GlycoNex Partners with Sterling for GNX102-ADC Clinical Trial Manufacturing

• GlycoNex partners with Sterling Pharma Solutions for the clinical trial production of GNX102-ADC, a glycan-targeted cancer immunotherapy.

• Sterling Pharma’s ADC manufacturing expertise will support GlycoNex in its Phase 1 program for GNX102-ADC.

GlycoNex, a biotechnology company developing glycan-targeted cancer immunotherapies, has signed a manufacturing agreement with UK-based contract development and manufacturing organisation (CDMO) Sterling Pharma Solutions.

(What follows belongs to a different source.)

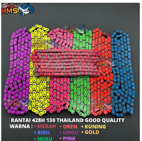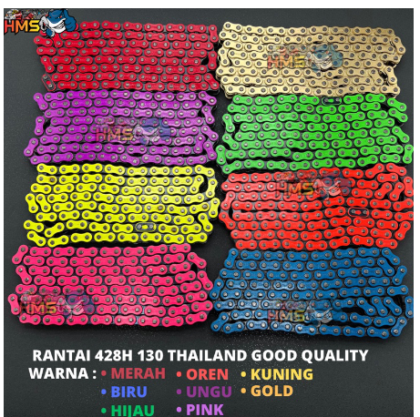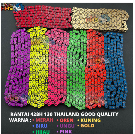 Rantai 428 H 428H 130L Thailand Bisa Buat Gear Sss 428 Tebal Warna Merah,Hijau,Pink,Ungu,Merah,Ungu,Oren,Gold,Emas THAIL

The collaboration will enable clinical trial production of GlycoNex’s drug candidate, GNX102-ADC, in preparation for an upcoming Phase 1 clinical program.

GNX102-ADC is an Antibody-Drug Conjugate (ADC) that combines GlycoNex’s monoclonal antibody GNX102 with cytotoxic drugs aimed at targeting cancer cells precisely. GNX102 targets unique tumor-associated glycans to inhibit tumour growth, and the compound has demonstrated strong safety and tolerability in earlier Phase 1 studies. In addition to safety, GNX102-ADC has shown tumour-suppressing potential in animal studies across a range of cancers, including gastric, colorectal, pancreatic, and lung cancers.

Dr. Mei-Chun Yang, CEO of GlycoNex, expressed optimism for the collaboration: “Our GNX102 monoclonal antibody demonstrated superior safety in Phase 1 clinical trials making it an ideal candidate to develop as an ADC. We are excited to benefit from Sterling’s ADC manufacturing expertise in the production of GNX102-ADC.”

Sterling Pharma Solutions, which has an ADC-specialised manufacturing facility in Deeside, UK, will use its clinical-scale GMP capabilities to support GlycoNex’s Phase 1 development efforts. Commenting on the partnership, Chad Telgenhof, Sterling’s Chief Commercial Officer, stated, “This agreement will leverage the expertise we have in clinical-scale GMP manufacturing… and we look forward to building a partnership with GlycoNex to support its ongoing drug development.”

With patents secured for GNX102-ADC across the U.S., Japan, South Korea, Taiwan, and Russia, GlycoNex will retain full development rights as it advances this potential treatment for solid tumour types.